Le ſol des iſles de l’Amérique a très-peu de rapport avec le nôtre. Ses productions ſont très-différentes, ainſi que la manière de les cultiver. À l’exception de quelques graines potagères, on n’y enſemence rien, tout s’y plante.

Comme le tabac fut la première production dont on s’occupa, que ſes racines ne prennent point de profondeur, & que la moindre écorchure la fait périr, on n’employa qu’un ſimple grattoir pour préparer les terres qui devoient la recevoir, & pour extirper les mauvaiſes herbes qui l’auroient étouffée. Cet uſage dure encore.

Lorſqu’on s’éleva à des cultures qui exigeoient plus de façons, & qui étoient moins délicates, on eut recours à la houe pour labourer & pour ſarcler : mais elle ne fut pas employée ſur tout l’eſpace qui devoit être mis en valeur. On ſe contenta de creuſer un trou pour placer la plante.

L’inégalité du terrein, le plus communément rempli de coteaux, donna vraiſemblablement naiſſance à cet uſage. On put craindre que des pluies, qui tombent toujours en torrens, ne ruinâſſent par des ravines, les terres remuées. L’indolence & le défaut des moyens, dans les premiers tems, étendirent cette pratique aux plaines les plus unies, & l’habitude la conſacra. Perſonne ne ſongeoit à s’en écarter. Enfin quelques colons, aſſez hardis pour s’élever au-deſſus du préjugé, ont imaginé de ſe ſervir de la charrue ; & il eſt vraiſemblable que cette méthode deviendra générale par-tout où elle ſera praticable. Il n’eſt rien qui ne porte à le déſirer & à l’eſpérer.

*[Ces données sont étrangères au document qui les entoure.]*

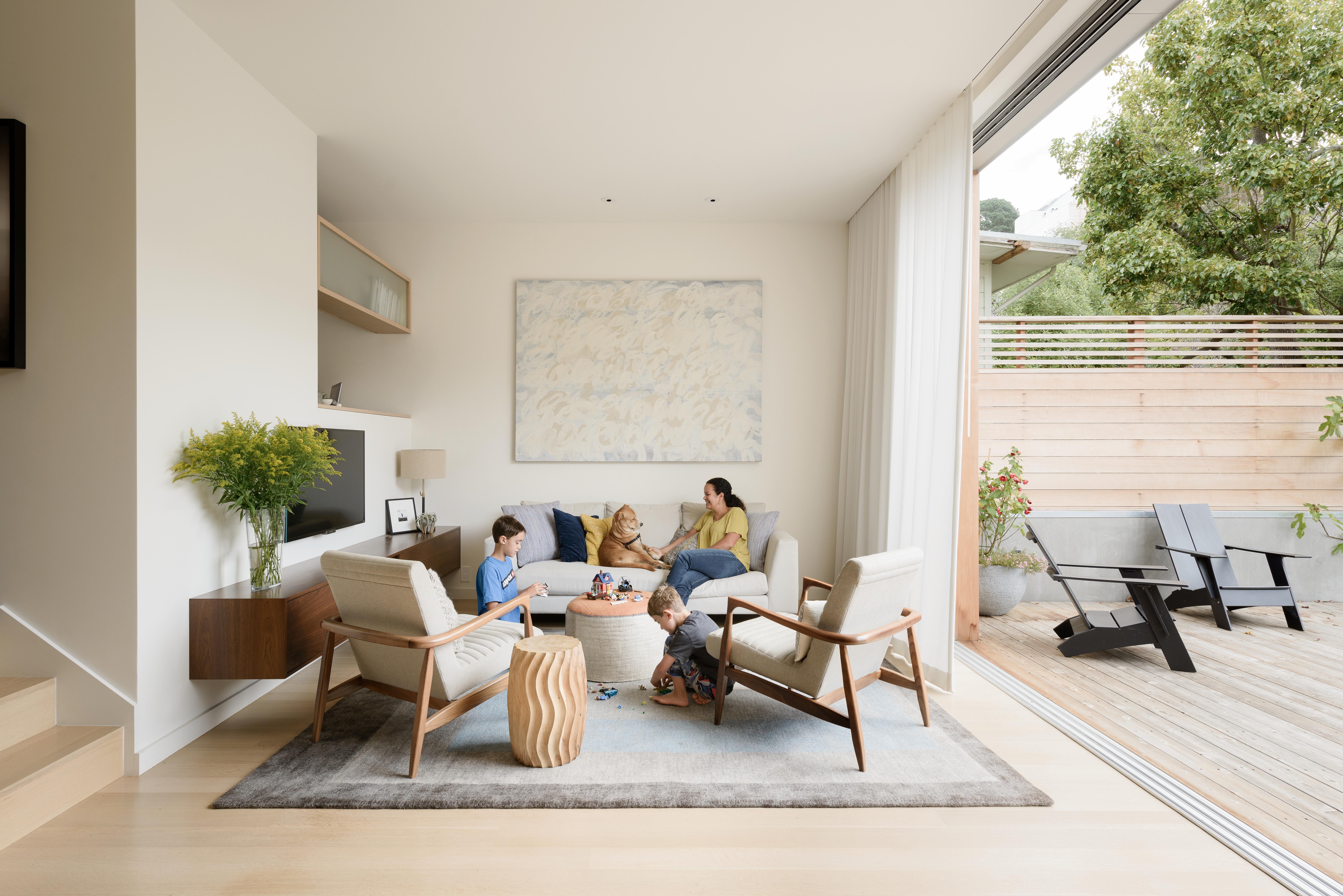 On the main floor, an open plan kitchen, living, and dining area opens upward to the ceiling, bringing light down from two stories above. Nooks and innovative storage solutions allow the space to serve as the hub of the household without clutter. The living room flows out onto a deck and into the backyard, providing indoor and outdoor living and play spaces.

Toutes les terres des iſles étoient vierges, lorſque les Européens entreprirent de les défricher. Les premières occupées donnent depuis long-tems moins de productions qu’on n’en retiroit au commencement. Celles qu’on a miſes ſucceſſivement en valeur, participent de cet épuiſement plus ou moins, en raiſon de l’époque de leur défrichement. Quelle qu’ait été leur fertilité dans l’origine, toutes la perdent avec le tems ; & bientôt elles ceſſeront de répondre aux travaux des cultivateurs, ſi l’art ne vient au ſecours de la nature.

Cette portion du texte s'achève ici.